» Your assignment: In the records below, the line with "不分裂葉はハルニレに似ていま" and every line after it must be written out exactly; no pictures belong in the result.

[Records contained in a dataset]
BEGIN

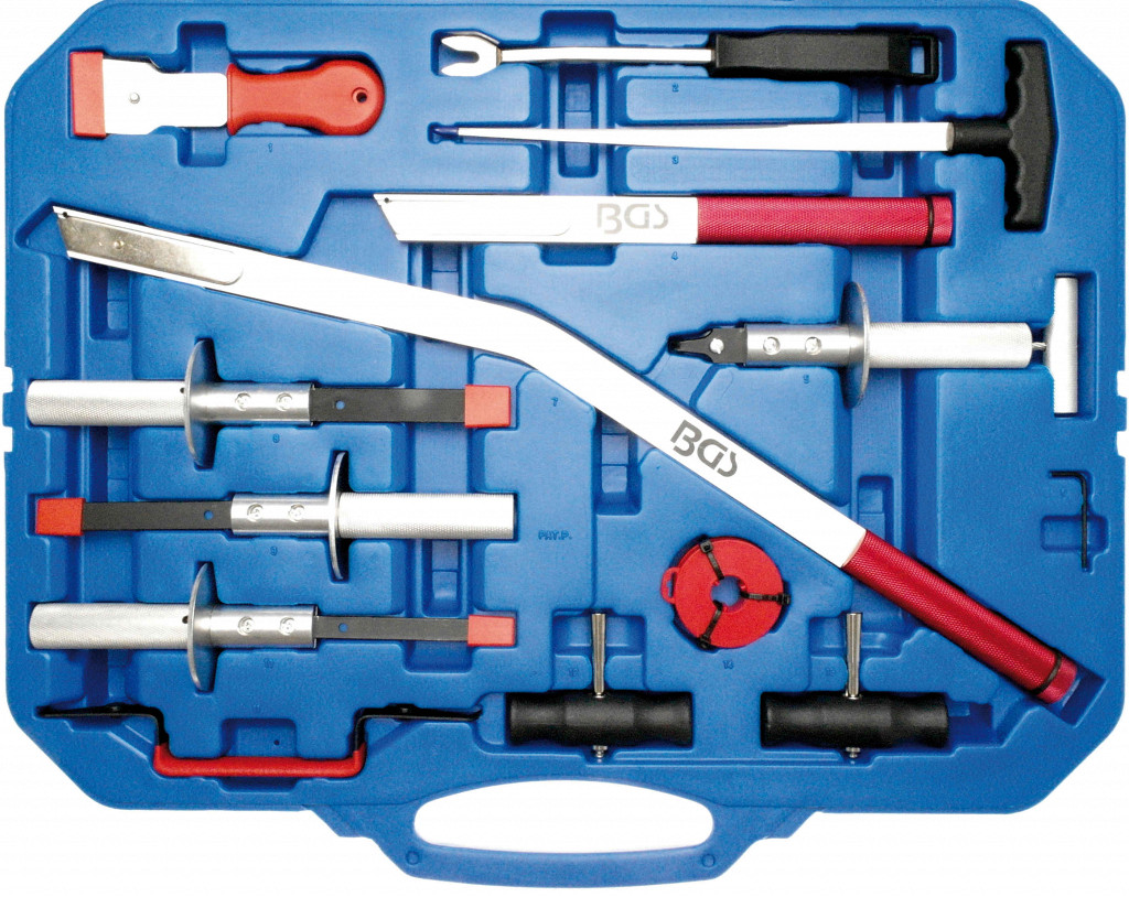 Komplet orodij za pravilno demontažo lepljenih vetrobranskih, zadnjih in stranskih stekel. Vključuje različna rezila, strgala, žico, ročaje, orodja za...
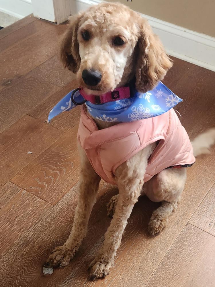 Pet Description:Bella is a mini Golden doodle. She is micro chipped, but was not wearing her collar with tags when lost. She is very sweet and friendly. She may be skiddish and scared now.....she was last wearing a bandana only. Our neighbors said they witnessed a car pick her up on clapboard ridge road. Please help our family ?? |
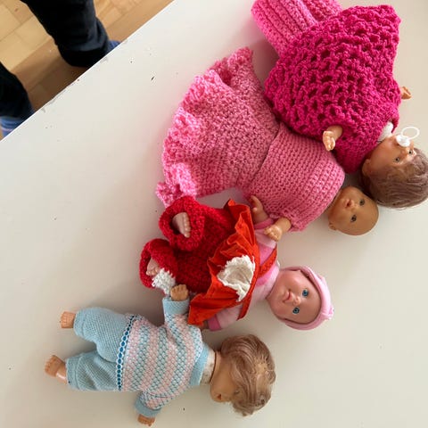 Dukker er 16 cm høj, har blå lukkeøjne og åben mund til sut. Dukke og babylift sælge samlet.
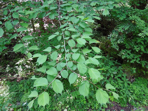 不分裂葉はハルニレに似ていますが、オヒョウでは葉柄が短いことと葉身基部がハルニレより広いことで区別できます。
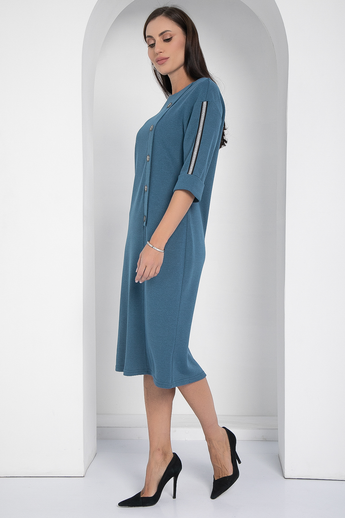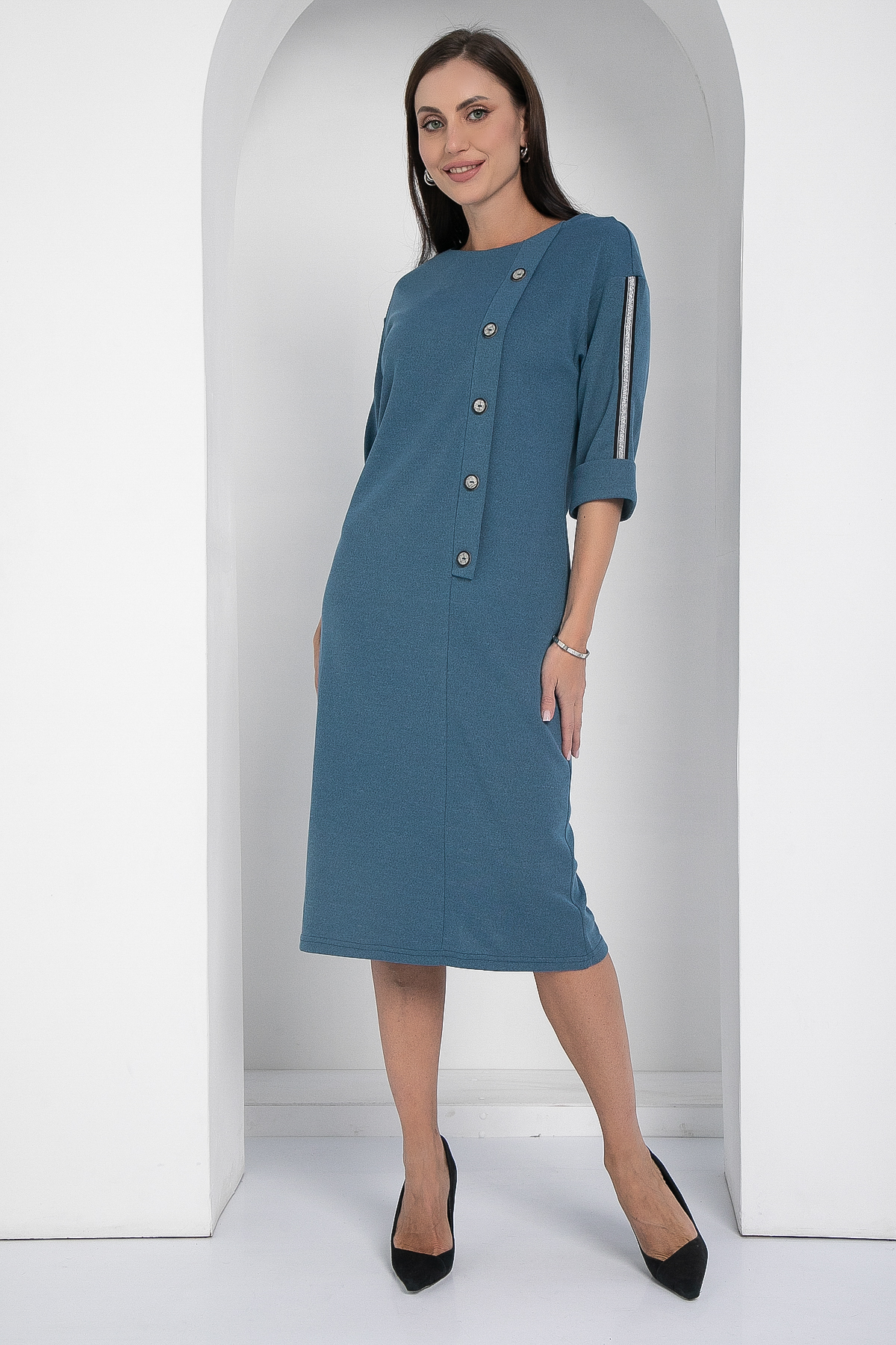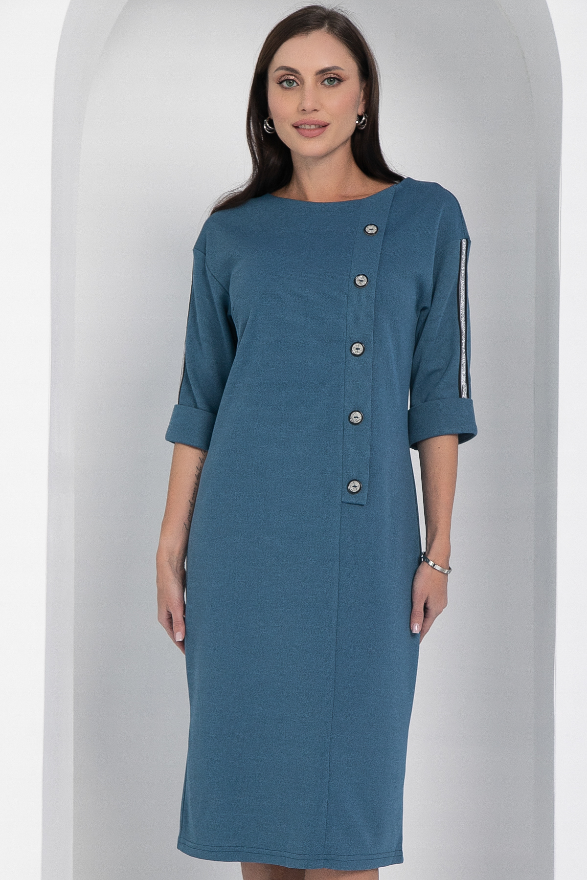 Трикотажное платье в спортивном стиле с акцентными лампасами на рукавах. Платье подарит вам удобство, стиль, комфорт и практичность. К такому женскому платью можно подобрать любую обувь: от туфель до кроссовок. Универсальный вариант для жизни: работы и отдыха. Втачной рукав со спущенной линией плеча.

END

» Task answer:
 不分裂葉はハルニレに似ていますが、オヒョウでは葉柄が短いことと葉身基部がハルニレより広いことで区別できます。
 Трикотажное платье в спортивном стиле с акцентными лампасами на рукавах. Платье подарит вам удобство, стиль, комфорт и практичность. К такому женскому платью можно подобрать любую обувь: от туфель до кроссовок. Универсальный вариант для жизни: работы и отдыха. Втачной рукав со спущенной линией плеча.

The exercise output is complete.